Associate Justices Brett Kavanaugh, Elena Kagan, Neil Gorsuch, Amy Coney Barrett, Samuel Alito, Clarence Thomas, Stephen Breyer, and Sonia Sotomayor with Chief Justice John Roberts pose for a group photo at the Supreme Court in Washington, U.S., April 23, 2021. Erin Schaff/Pool via REUTERS

And yet, Maine’s religious exclusion came from earlier Supreme
Court decisions. Maine used to allow religious schools to participate in the
program. But Maine changed course in the 1980s based on then-recent Supreme
Court decisions interpreting the First Amendment’s Establishment Clause. Those
cases reached their apogee in Lemon v. Kurtzman.

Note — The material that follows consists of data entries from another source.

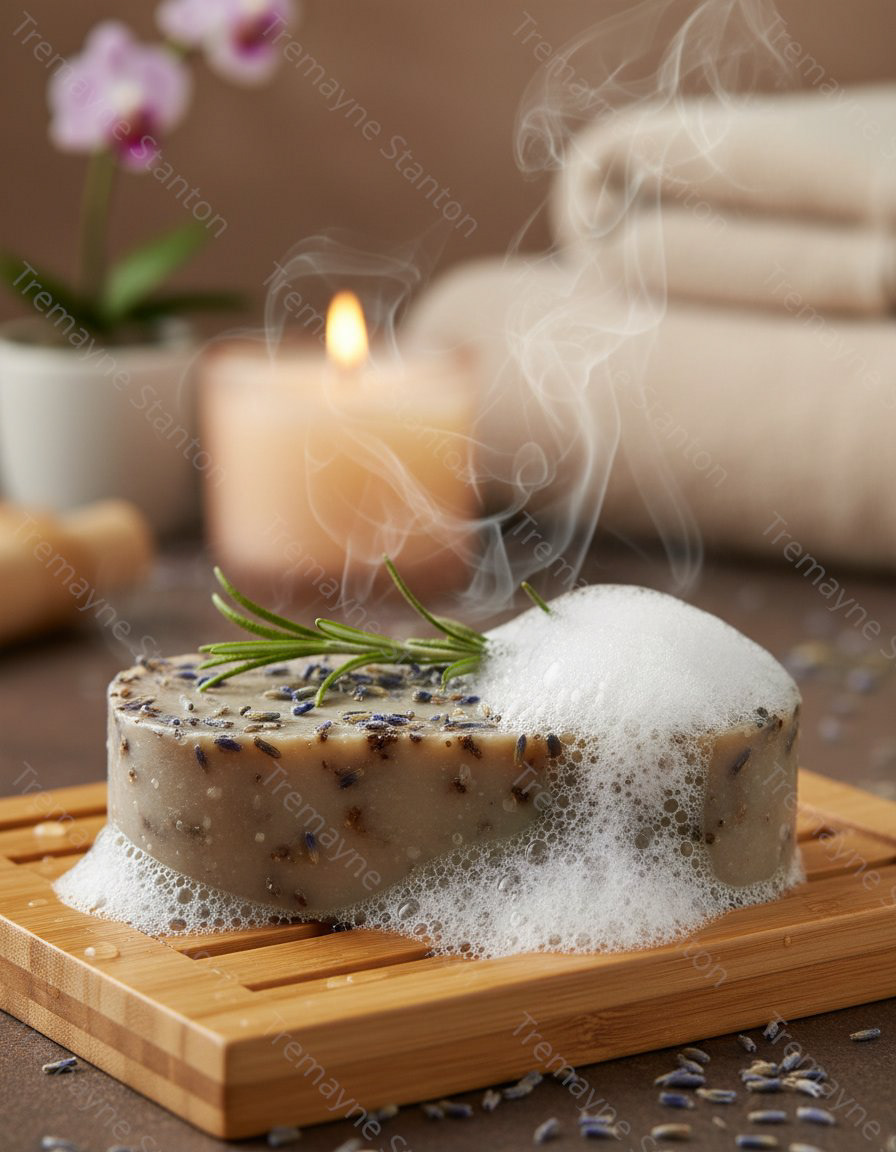 I used a bamboo tray and added steam and macro-detail soap suds to create a spa-like atmosphere.
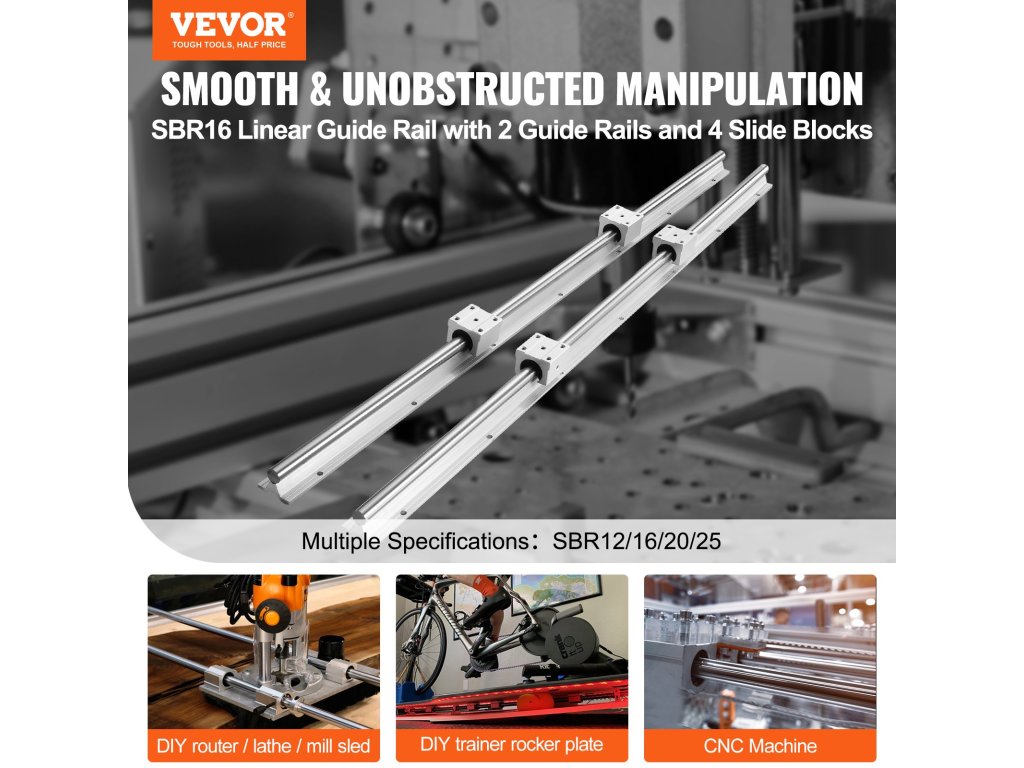 A kiváló minőségű VEVOR SBR lineáris vezetősín 2 vezetősínt és 4 csúszóblokkot tartalmaz. A tartós alumínium vezetősínek pontos átmérővel és furattávolsággal rendelkeznek, míg az SBR csúszóblokkok golyóscsapágyakat használnak a sima és akadozásmentes mozgás érdekében.
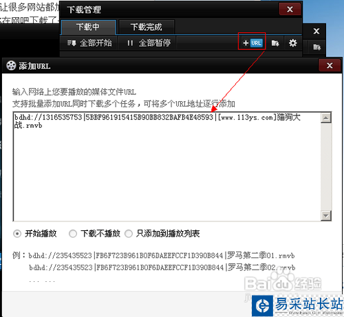 然后用記事本打開(kāi)bdre文件,下面的亂碼不用管,只看上面的鏈接,有兩個(gè),一個(gè)是bdhd開(kāi)頭的,這個(gè)是百度影音專(zhuān)用的下載鏈接,將這個(gè)地址復(fù)制到百度影音下載管理→添加url中(注意鏈接最后有一個(gè)括號(hào)完,那個(gè)不要復(fù)制,它有時(shí)候是*,不同的文件會(huì)變化,只復(fù)制到擴(kuò)展名就行),根據(jù)需要選擇只下載還是邊下邊播之類(lèi)的即可。

As four justices would say more recently in American Legion v.
American Humanist Association
, Lemon “ambitiously attempted to find
a grand unified theory of the Establishment Clause.” Lemon dispelled “a
more modest approach that focuses on the particular issue at hand and looks to
history for guidance.” Instead, Lemon tells local governments to ask
whether a particular manifestation of religion in public life is an “excessive”
form of “entanglement.” Lemon was later modified to ask whether a
“reasonable observer” would view the government’s work with religion as an “endorsement.”
Either way, as the plurality in American Legion said, Lemon
“could not resolve” the “great array of laws and practices” demonstrating
government and religion’s diverse interactions in our society. Unsurprisingly,
Maine’s answers during oral argument couldn’t either.

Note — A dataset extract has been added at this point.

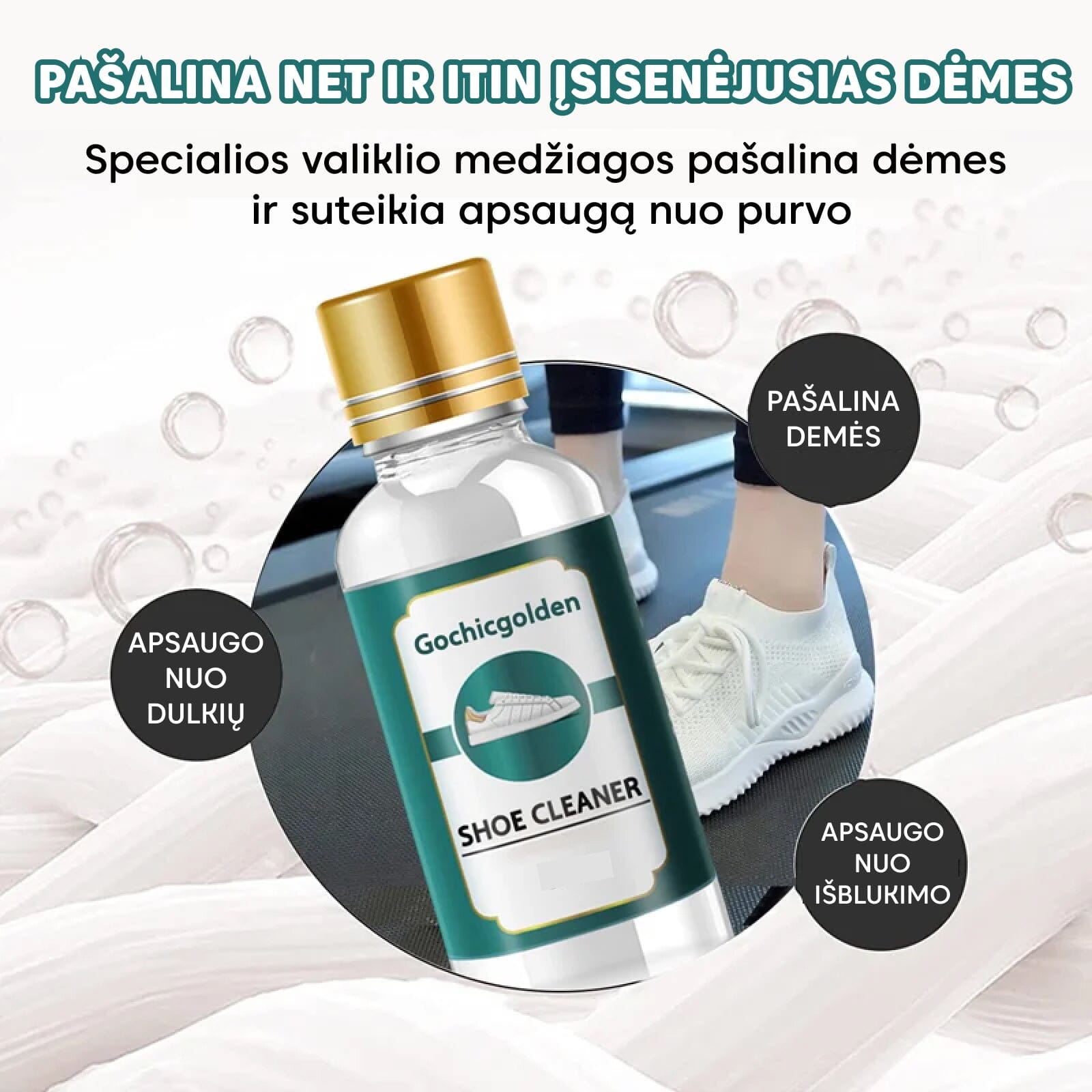 Dėl savo galingos formulės mūsų aukštos kokybės valiklis be pastangų pašalina nešvarumus ir geltoną spalvą, sugrąžindamas jūsų batams originalų blizgesį – toks koks buvo pirmą dieną!

Maine’s explanation of how it identifies “sectarian” schools taught
the first lesson: Those who observe secular orthodoxies will benefit from Lemon’s
abstract approach. For example, Maine could not explain to either Chief Justice
Roberts or Justice Alito why students could use tuition grants toward schools
that are “run” by a religious organization based on a “doctrine” of service — but
not to schools that “infuse” religion “in every subject with their view of the
faith.” Maine said these present “much tougher situation[s].” Some religions,
Alito pointed out, could be like Unitarian Universalism and have religious
tenets that accord with the zeitgeist. Maine suggested that teaching such
tenets “would be very close to a public school” and therefore acceptable. “Well,”
Alito responded, “then you really are discriminating on the basis of religious
belief.” Maine’s response was to then claim that it “can’t . . . tell” whether it
“would approve a Unitarian school.” Commenting on these exchanges, Justice
Gorsuch said that Maine’s approach “favor[s] religions that are more watered
down, some might say, . . . more comfortable with what a . . . bureaucrat . . .
might say.” The abstract pursuit of religious neutrality results in
marginalizing unpopular religious beliefs.

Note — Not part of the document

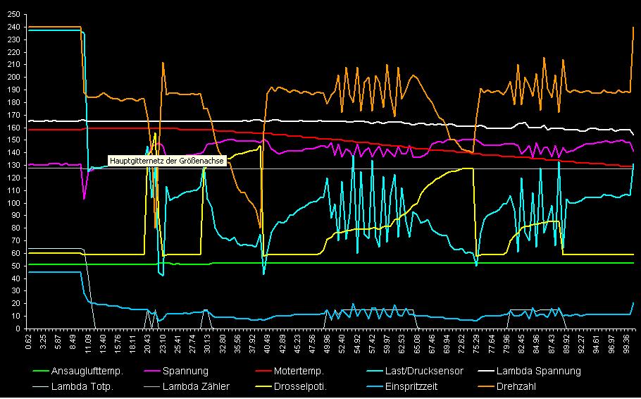 Hier noch ein Diagramm bei dem ich ca. alle 10 sec ne Veränderung gemacht hab, interessant sind die Zeitbereiche zwischen 50-65 und 80-90

Maine’s answers on how it isolates “sectarian” from other belief
systems revealed the second lesson about the danger of unbridled discretion toward
religion. Maine claims it has “never had a hard case” in determining whether a
school is “sectarian.” But, Maine also confirmed that its administrators
possess discretion to “do[] a little homework” into a school to assess how
“sectarian” it is. Self-assertions of religious identity may not suffice, because
religious schools are “discriminatory.” But as Justice Barrett put it, “all
schools, in making choices about curriculum and the formation of children, have
to come from some belief system.” Public schools inculcate belief systems too. How
could Maine prohibit all other belief systems in schools — be they materialism,
Marxism, Critical Race Theory, or white supremacy? Maine had no consistent
answer. As Maine put it, the legislature only “addressed” religious beliefs. But,
in response to the white supremacy inquiry, Maine said “a way would be found to
ensure that that school is not allowed to participate.” Bureaucratic
willfulness is not neutrality.

Carson presented the Supreme Court with a wolf that came as a wolf. A government lawyer candidly demonstrated how arbitrarily the Supreme Court’s abstract, universal concepts of “neutrality” toward religion play out on the ground. The subtleties of First Amendment doctrine have little purchase with state officials acting on preconceived notions about the role of religion in society. And without a clear statement from the Supreme Court, we can expect the folk understanding of church-state relations to prevail — not what is written in the US Reports. Re-anchoring First Amendment law around the “more modest,” history-and-tradition-based approach discussed in American Legion would be a clear path to genuine religious neutrality. One even Augusta bureaucrats could understand.